How many moles of HI are present at equilibrium when 2.0 moles of H2 is mixed with 1.0 moles of I2 in a 0.50 L container and allowed to react at 448oC. At this temperature K = 50.

1.9 mol.

Explanation:

For the reaction:

H₂ + I₂ → 2HI,

The initial concentrations:

[H₂] = no. of moles/volume of the container = (2.0 mol) / (0.50 L) = 4.0 mol/L. [I₂] = no. of moles/volume of the container = (1.0 mol) / (0.50 L) = 2.0 mol/L.
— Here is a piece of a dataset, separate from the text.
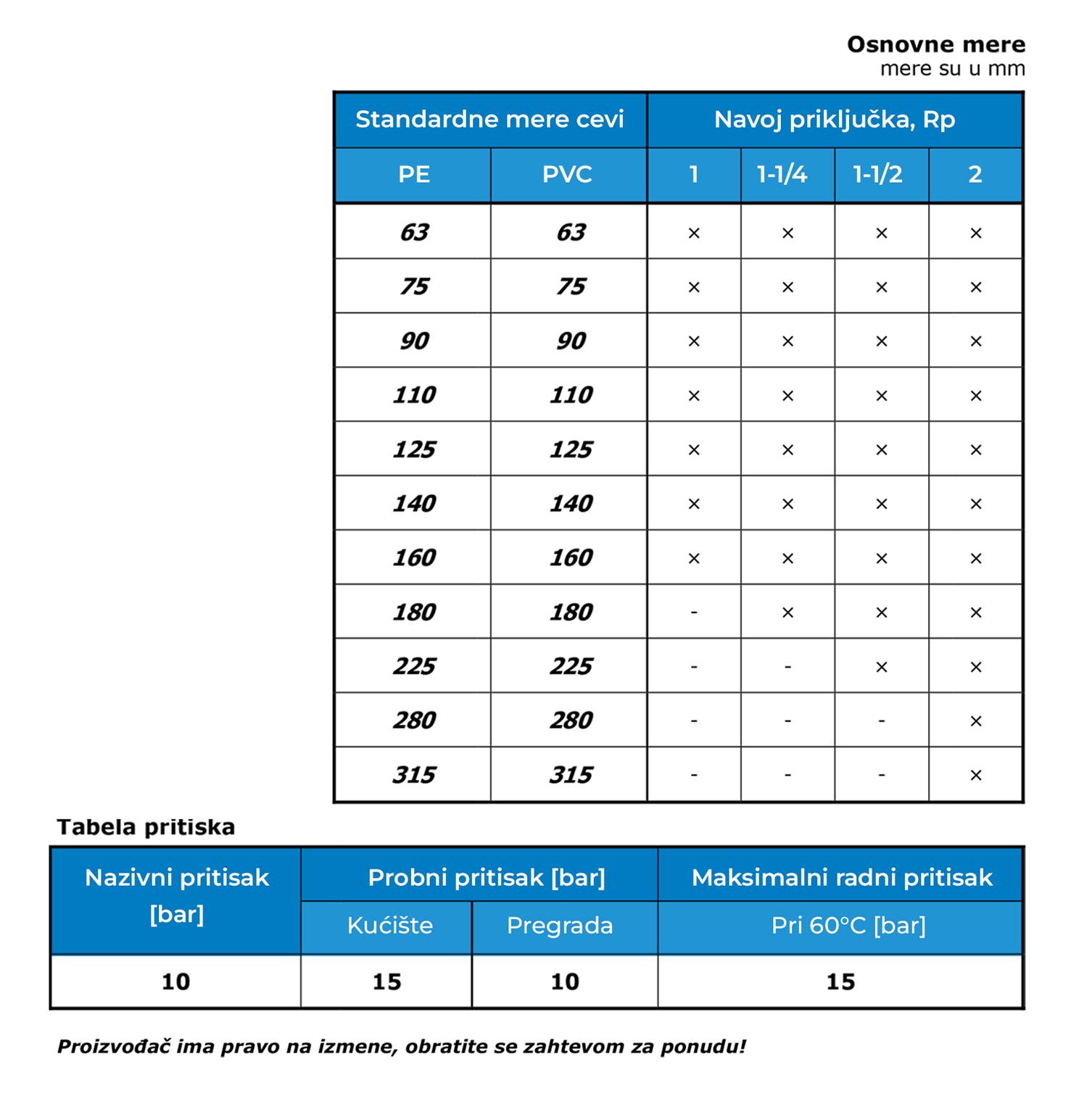 - Nazivni pritisak: PN 10/16,

The equilibrium constant (K) = [HI]²/[H₂][I₂],

Write down the equation and the start concentrations. Let (x) be the finish concentrations:

H₂ + I₂ → 2HI

start: 4.0 M 2.0 M 0 M

finish: 4.0-x 2.0-x 2x

∴ The equilibrium constant (K) = [HI]²/[H₂][I₂] = (2x) ² / (4.0 - x) (2.0 - x).
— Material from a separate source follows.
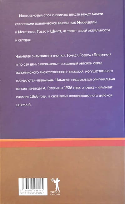 Многовековым спор о природе власти между такими классиками политической мысли, как Макиавелли и Монтескье, Гоббс и Шмитт, не теряет своей актуальности и сегодня. Читателей знаменитого трактата Томаса Гоббса «Левиафан» и по сей день завораживает созданный автором образ исполинского «искусственного человека», могущественного государства-левиафана. Читателю предлагается оригинальная версия перевода А. Гутермана 1936 года, а также - фрагмент издания 1868 года, в свое время конфискованного царской цензурой.

∴ 50 = (2x) ² / (4.0 - x) (2.0 - x).

∴ 50 = (4x²) / (8.0 - 6.0 x + x²).

∴ 400 - 300 x + 50 x² = 4x².

∴ 46x² - 300 x + 400 = 0 (standard form)

Use the quadratic equation to solve for (x):

x = ( - b ± √ (b² - 4ac)) / (2a),

In this case a = + 46, b = - 300 and c = + 400.

x = ( + 300) ± √ (( - 300) ² - 4 (46) (400)) / (2 (46))

x = ( + 300) ± √ (9000 - 73600) / (92)

x = ( + 300) ± 127) / (92)

∴ x = 4.7 and 1.9

When x = 4.7 is not possible, because 4.0 - 4.7 (the concentration of H2 would be negative).

So, x = 1.9.

∴ [HI] = 2x

If x = 1.9,

∴ [HI] = 2 (1.9) = 3.8 mol/L.

∵ [HI] = no. of moles/volume of the container.

∴ no. of moles of (HI) = [HI]*volume of the container = (3.8 mol/L) (0.5 L) = 1.9 mol.